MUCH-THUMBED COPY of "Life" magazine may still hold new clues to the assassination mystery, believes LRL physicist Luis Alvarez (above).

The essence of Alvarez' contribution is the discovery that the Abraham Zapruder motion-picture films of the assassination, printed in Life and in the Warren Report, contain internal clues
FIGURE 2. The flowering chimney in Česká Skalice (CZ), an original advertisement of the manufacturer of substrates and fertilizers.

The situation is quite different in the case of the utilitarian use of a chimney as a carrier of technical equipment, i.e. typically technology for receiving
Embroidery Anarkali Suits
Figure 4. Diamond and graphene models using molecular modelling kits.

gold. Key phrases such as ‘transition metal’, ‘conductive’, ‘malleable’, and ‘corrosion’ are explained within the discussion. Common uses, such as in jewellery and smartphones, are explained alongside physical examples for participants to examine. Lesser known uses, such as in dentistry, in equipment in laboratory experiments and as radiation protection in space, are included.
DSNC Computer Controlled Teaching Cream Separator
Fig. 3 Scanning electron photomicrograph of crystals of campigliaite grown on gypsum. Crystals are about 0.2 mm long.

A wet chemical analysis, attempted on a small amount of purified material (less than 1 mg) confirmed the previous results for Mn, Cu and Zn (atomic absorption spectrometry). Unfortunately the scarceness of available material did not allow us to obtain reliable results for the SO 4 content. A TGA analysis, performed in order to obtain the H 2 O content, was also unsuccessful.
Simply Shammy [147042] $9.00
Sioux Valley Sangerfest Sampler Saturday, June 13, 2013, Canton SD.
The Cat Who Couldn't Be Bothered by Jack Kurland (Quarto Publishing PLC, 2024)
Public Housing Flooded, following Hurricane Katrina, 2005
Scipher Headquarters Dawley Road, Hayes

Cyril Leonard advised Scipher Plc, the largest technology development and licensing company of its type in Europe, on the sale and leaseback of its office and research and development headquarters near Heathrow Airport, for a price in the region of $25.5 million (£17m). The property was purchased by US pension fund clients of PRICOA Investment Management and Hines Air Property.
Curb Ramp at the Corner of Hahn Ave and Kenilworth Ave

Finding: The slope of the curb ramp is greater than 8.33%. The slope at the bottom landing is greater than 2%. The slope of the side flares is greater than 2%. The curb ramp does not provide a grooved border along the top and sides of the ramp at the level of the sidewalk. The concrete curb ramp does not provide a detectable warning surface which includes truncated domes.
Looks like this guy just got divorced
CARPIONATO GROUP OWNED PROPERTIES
...
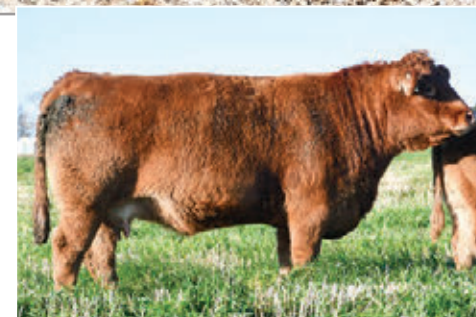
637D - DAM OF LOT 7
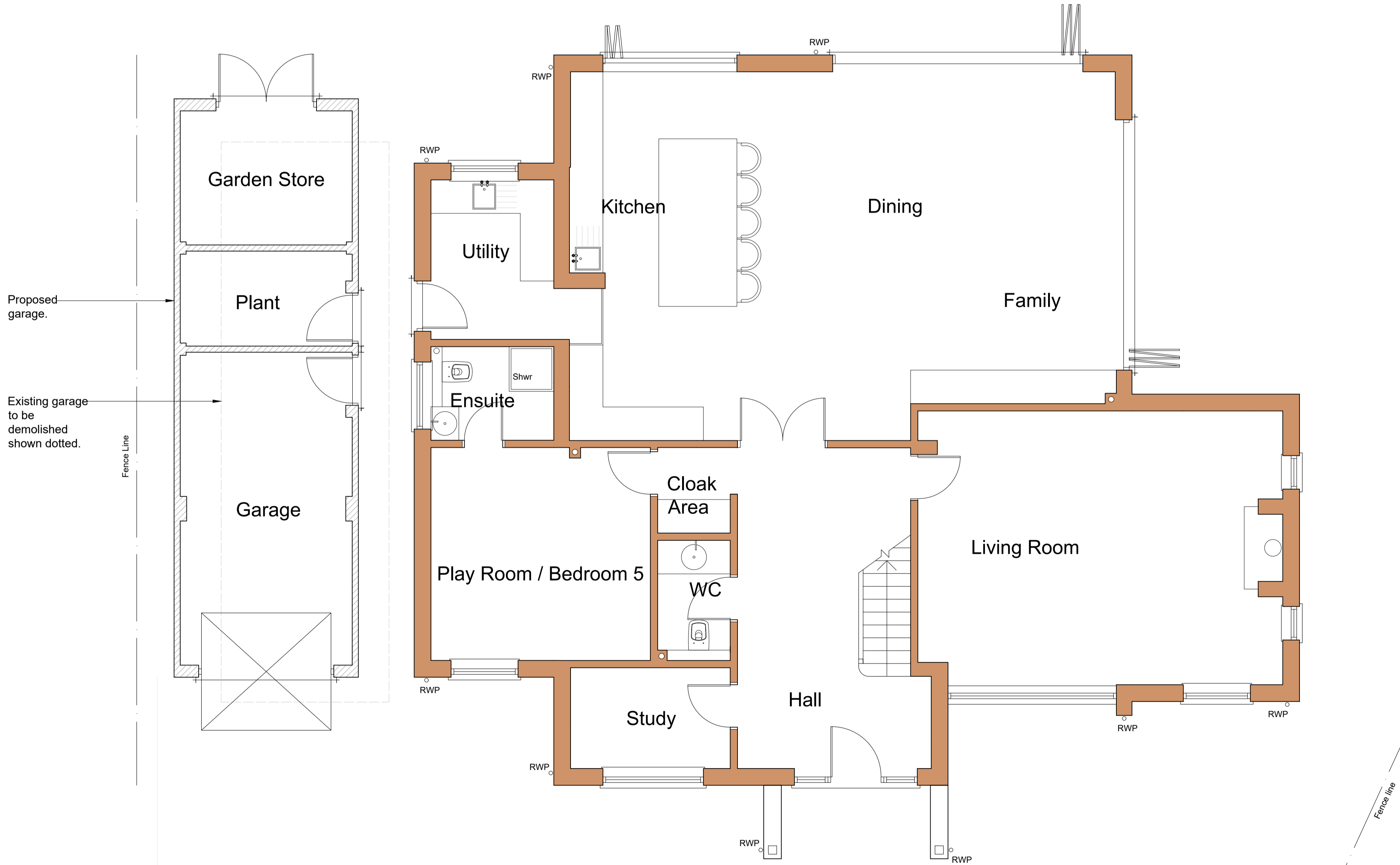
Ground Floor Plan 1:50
* * *
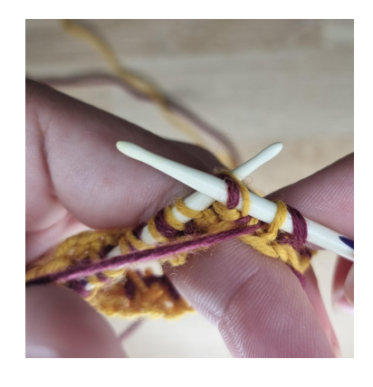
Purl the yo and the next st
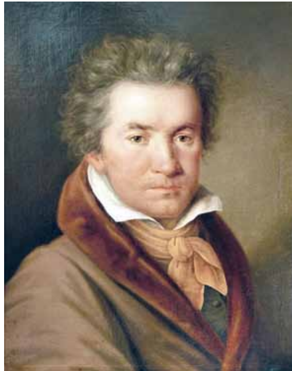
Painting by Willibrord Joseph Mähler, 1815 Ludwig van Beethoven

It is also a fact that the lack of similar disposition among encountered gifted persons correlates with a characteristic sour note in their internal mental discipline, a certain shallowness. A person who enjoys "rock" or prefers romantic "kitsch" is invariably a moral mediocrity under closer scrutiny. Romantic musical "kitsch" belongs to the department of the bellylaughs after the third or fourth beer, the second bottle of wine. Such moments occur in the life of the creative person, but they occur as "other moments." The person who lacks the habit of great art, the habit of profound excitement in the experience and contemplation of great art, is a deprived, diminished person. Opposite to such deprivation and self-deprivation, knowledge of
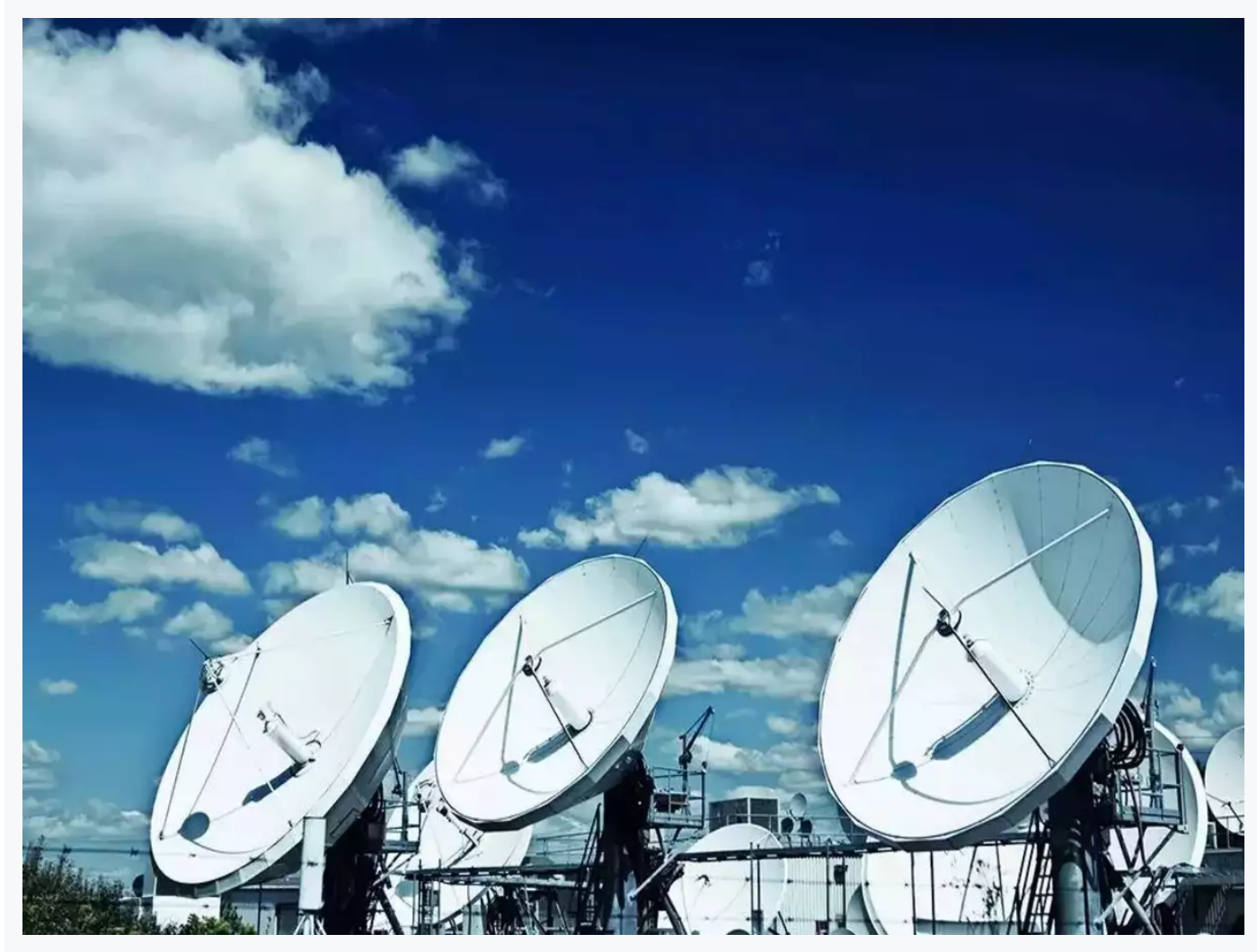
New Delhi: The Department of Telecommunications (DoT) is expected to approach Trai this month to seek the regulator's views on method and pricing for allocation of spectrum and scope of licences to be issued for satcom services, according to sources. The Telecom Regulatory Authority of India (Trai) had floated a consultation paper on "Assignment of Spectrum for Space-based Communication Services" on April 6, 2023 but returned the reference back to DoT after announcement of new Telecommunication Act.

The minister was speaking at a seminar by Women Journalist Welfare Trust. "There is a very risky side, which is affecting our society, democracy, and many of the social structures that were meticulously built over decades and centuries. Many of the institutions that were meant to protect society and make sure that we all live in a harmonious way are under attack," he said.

The problem = Across the records above, how many lines contain the word "assassination"? Give the number by itself.

Task answer = 2